На то, чтобы добраться до входа и переступить порог, он потратил последние силы. Стук тяжелой двери отсек завывания ветра, Ноя объяли сумерки, и он бессильно сполз на пол.
В голове кружилось, и мир то и дело то проваливался в темноту, то выныривал назад. Сердце билось гулко и глухо, в ушах шумело.
Надо было развести огонь, вертелось в голове. Найти камин, печку — хоть что-то. Внутри все еще было холодно, пусть ветер и снег остались за стенами. Ной осторожно отвел нависшие волосы с лица Астольфо, снова попытался нащупать пульс. Пальцы трясло так, что удалось только с третьего раза. Воздух медленно наполнялся густым запахом крови.

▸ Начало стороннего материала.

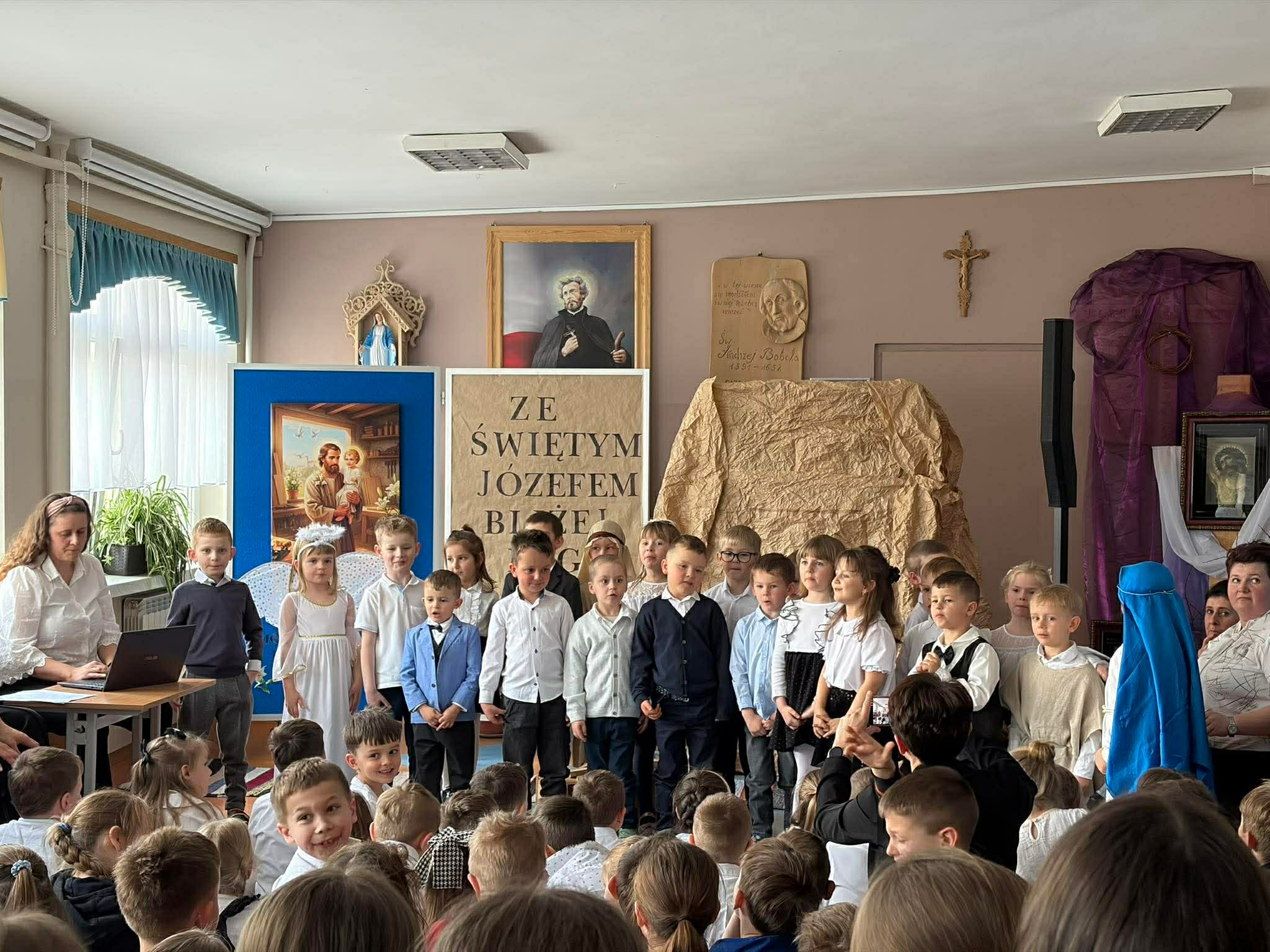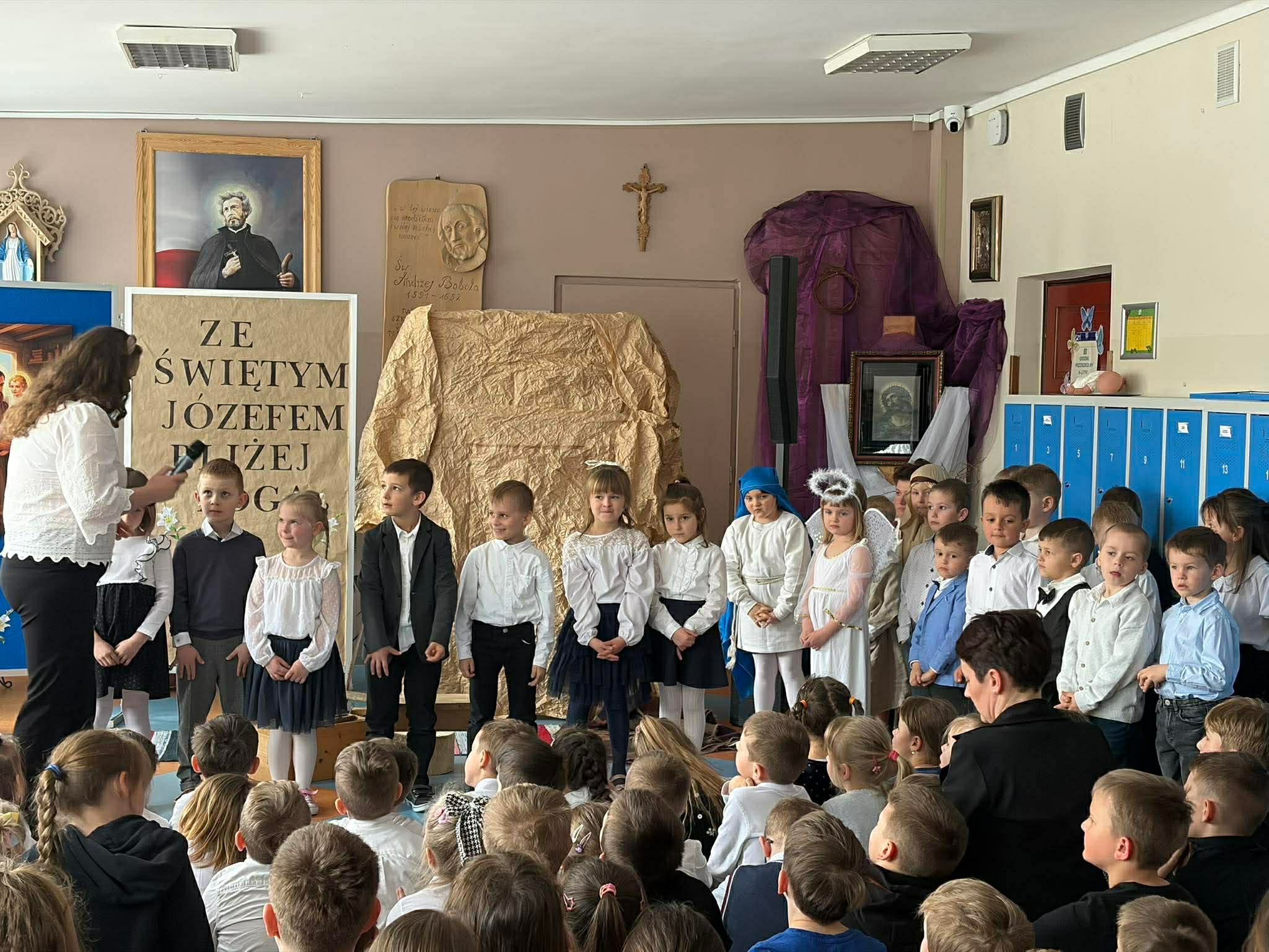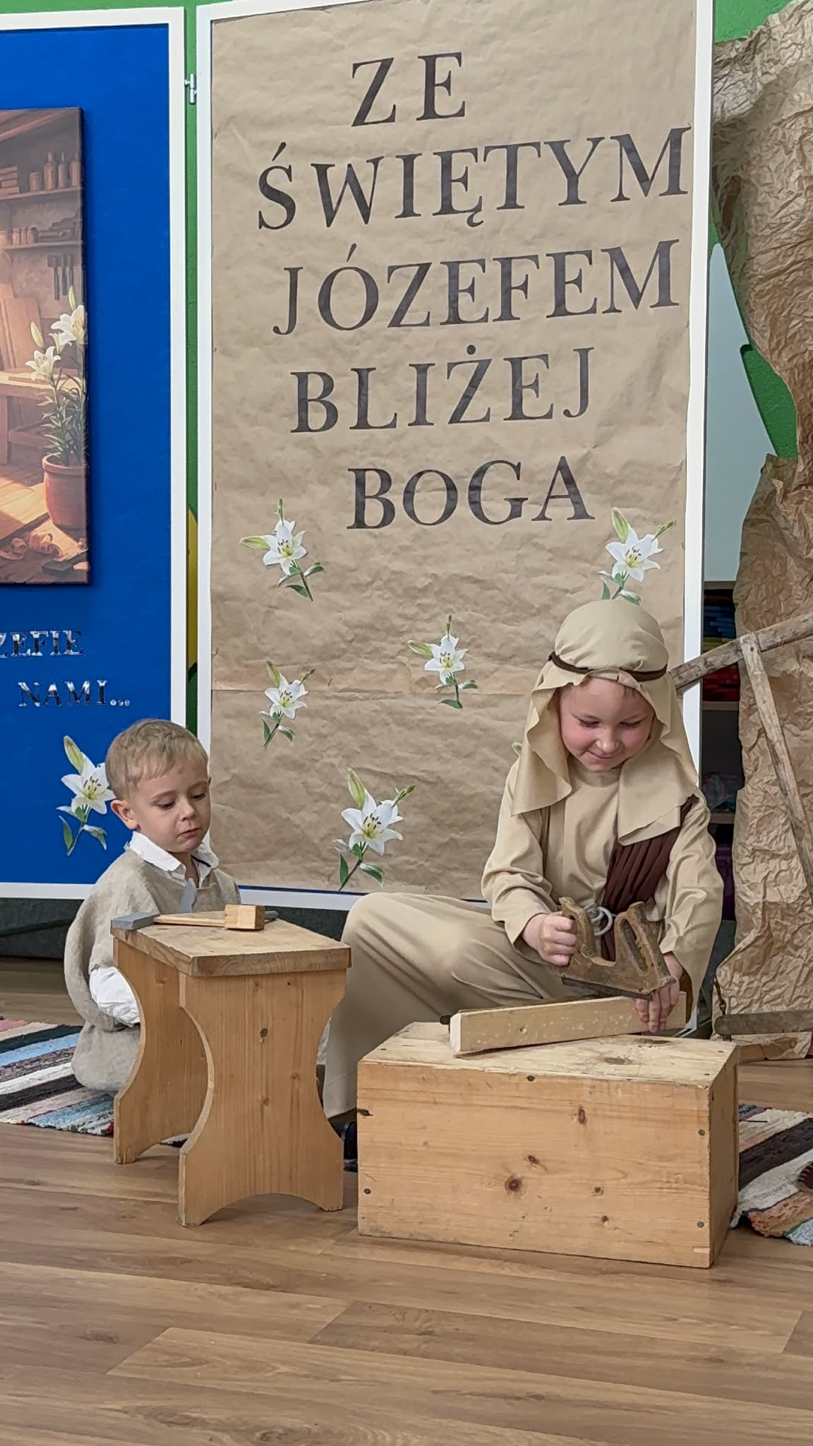 Grupa „Misie” z naszego przedszkola miała dziś zaszczyt wystąpić przed całą społecznością szkolną z okazji uroczystości Świętego Józefa Nasze przedszkolaki z ogromnym zaangażowaniem i radością zaprezentowały przygotowane przedstawienie, przybliżając postać Świętego Józefa jako opiekuna, człowieka pełnego dobroci i wzoru dla każdego z nas. Mali artyści zachwycili publiczność swoją odwagą, szczerością i pięknym występem Jesteśmy bardzo dumni z naszych „Misiów” – ich praca i zaangażowanie zostały nagrodzone gromkimi brawami Dziękujemy wszystkim, którzy pomogli w przygotowaniu tego wyjątkowego wydarzenia!

Руки — слово внезапно вспыхнуло в оцепеневшем мозгу. Прежде всего, нужно было отогреть руки. В ту единственную зиму, которую Ной провел вместе с Луи и Доми, они с деревенскими детьми часто ходили кататься на коньках на замерзшее озеро. Однажды Жиль зашел на тонкий лед и провалился, и когда его вытащили, Луи бросился кутать ему ладони в свой шарф. Он тогда говорил, что руки мерзнут быстрее всего, и если вовремя не помочь, можно остаться без пальцев…
Ладони Астольфо оказались совсем окоченевшими. Наверное, нужно было стянуть перчатки — те тоже промокли от снега, а потом оледенели на ветру. Ной попытался снять правую — не получилось; потянул за нарукавник. Запах крови стал гуще.
Со второго раза ему удалось. Ногти на руках у Астольфо были синими, пальцы совсем не гнулись. Ной снова дернул за перчатку, а когда та не поддалась, просто поддел ногтем и порвал. Все равно Астольфо его ненавидел бы за сам факт спасения, отупело промелькнуло в голове, какая разница, если к этому прибавится испорченная униформа.
Темнота накатывала и отступала волнами — все более густыми и длинными. Мир тонул и размывался. Больше всего хотелось просто положить Астольфо на пол, лечь рядом и опустить веки. У Ноя совсем не осталось сил. Если бы он только мог хоть немного отдохнуть, если бы было хоть что-то, что могло ему помочь…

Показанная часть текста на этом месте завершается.